▶ [Extracted information]:
—————
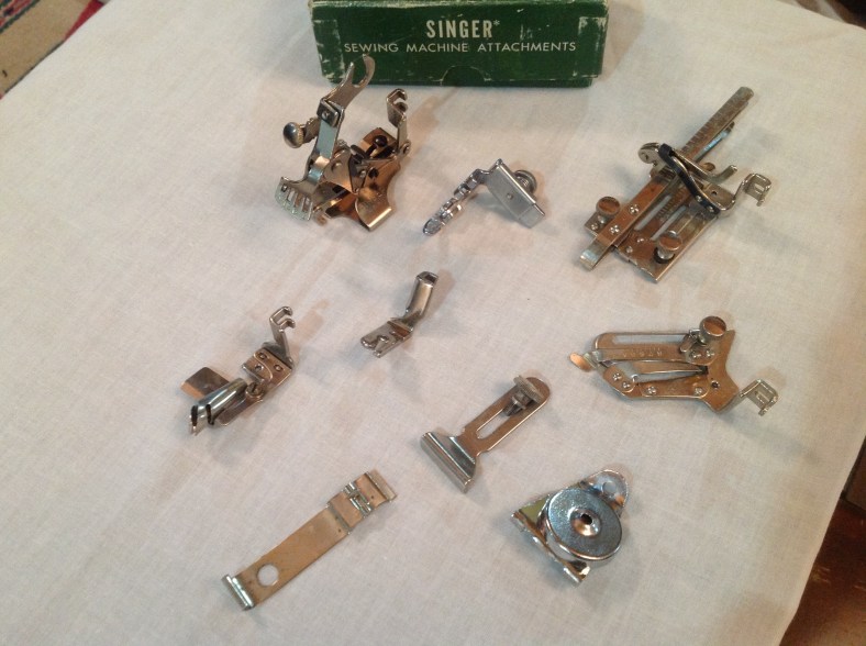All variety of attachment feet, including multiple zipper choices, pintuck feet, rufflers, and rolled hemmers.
—————
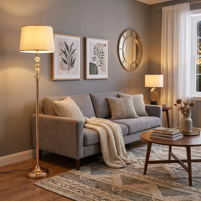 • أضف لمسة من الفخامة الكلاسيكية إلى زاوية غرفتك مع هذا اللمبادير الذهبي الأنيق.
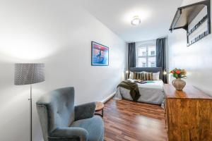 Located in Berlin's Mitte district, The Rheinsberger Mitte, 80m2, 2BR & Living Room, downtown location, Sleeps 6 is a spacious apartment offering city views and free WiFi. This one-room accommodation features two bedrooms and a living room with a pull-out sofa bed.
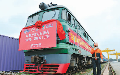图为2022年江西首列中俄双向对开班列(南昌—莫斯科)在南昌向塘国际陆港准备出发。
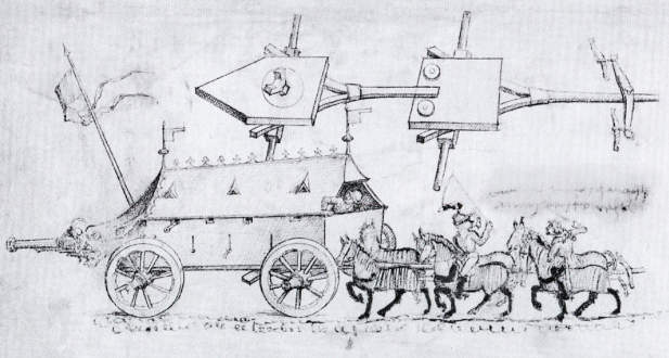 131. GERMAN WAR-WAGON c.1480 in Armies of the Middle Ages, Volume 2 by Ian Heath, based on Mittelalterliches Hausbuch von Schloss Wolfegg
—————
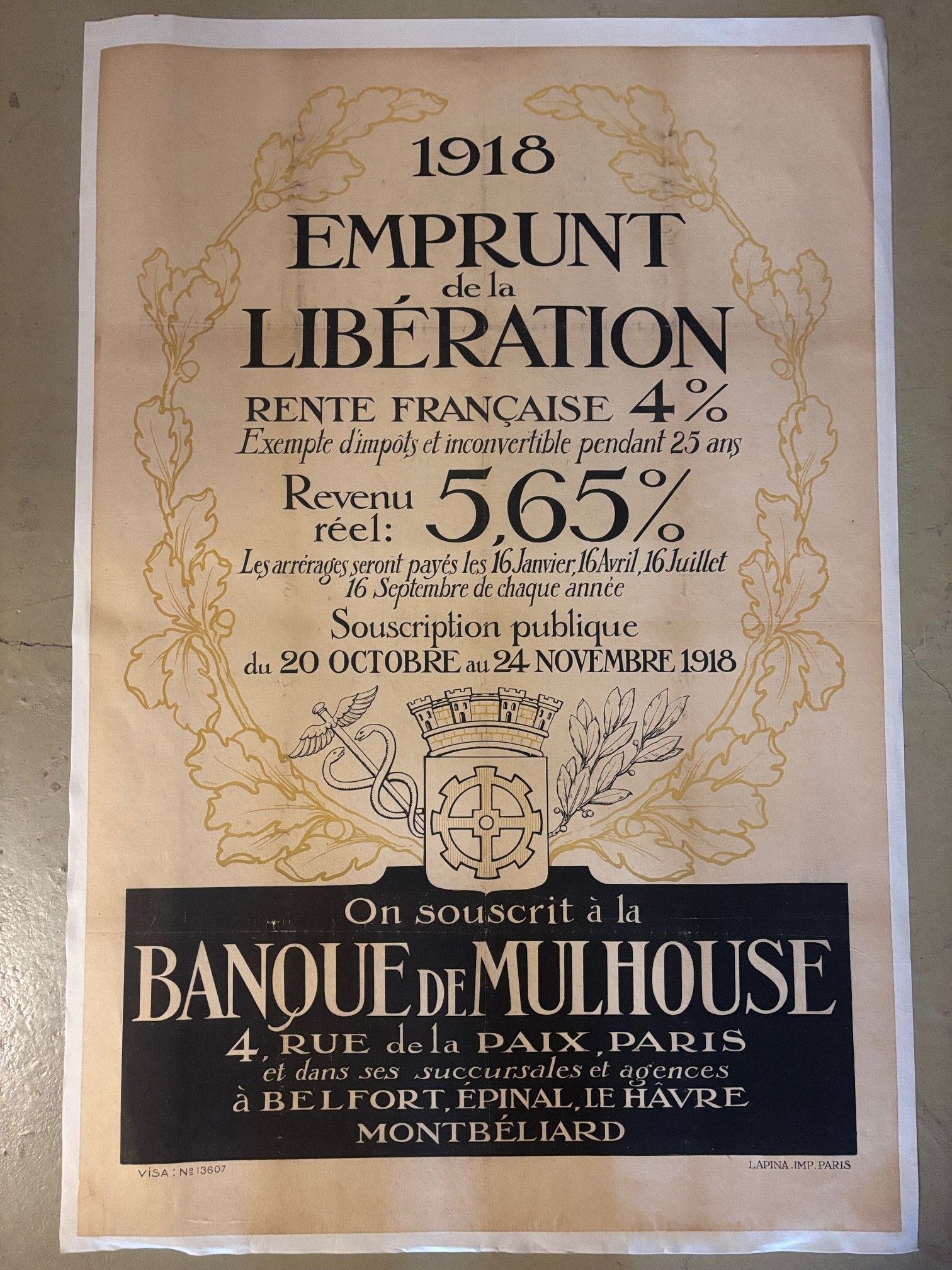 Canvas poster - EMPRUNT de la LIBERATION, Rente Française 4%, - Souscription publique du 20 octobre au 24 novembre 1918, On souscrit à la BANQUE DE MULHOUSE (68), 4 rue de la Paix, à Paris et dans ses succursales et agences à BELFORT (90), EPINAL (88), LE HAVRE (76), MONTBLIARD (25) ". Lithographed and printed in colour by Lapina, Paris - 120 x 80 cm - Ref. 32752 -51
—————
▶ [Requirement]: For this exercise, reproduce exactly the lines of the records above from the one with "图为2022年江西首列中俄双" up to and including the one with "131. GERMAN WAR-WAGON", without pictures.

▶ [Output below]:
图为2022年江西首列中俄双向对开班列(南昌—莫斯科)在南昌向塘国际陆港准备出发。
 131. GERMAN WAR-WAGON c.1480 in Armies of the Middle Ages, Volume 2 by Ian Heath, based on Mittelalterliches Hausbuch von Schloss Wolfegg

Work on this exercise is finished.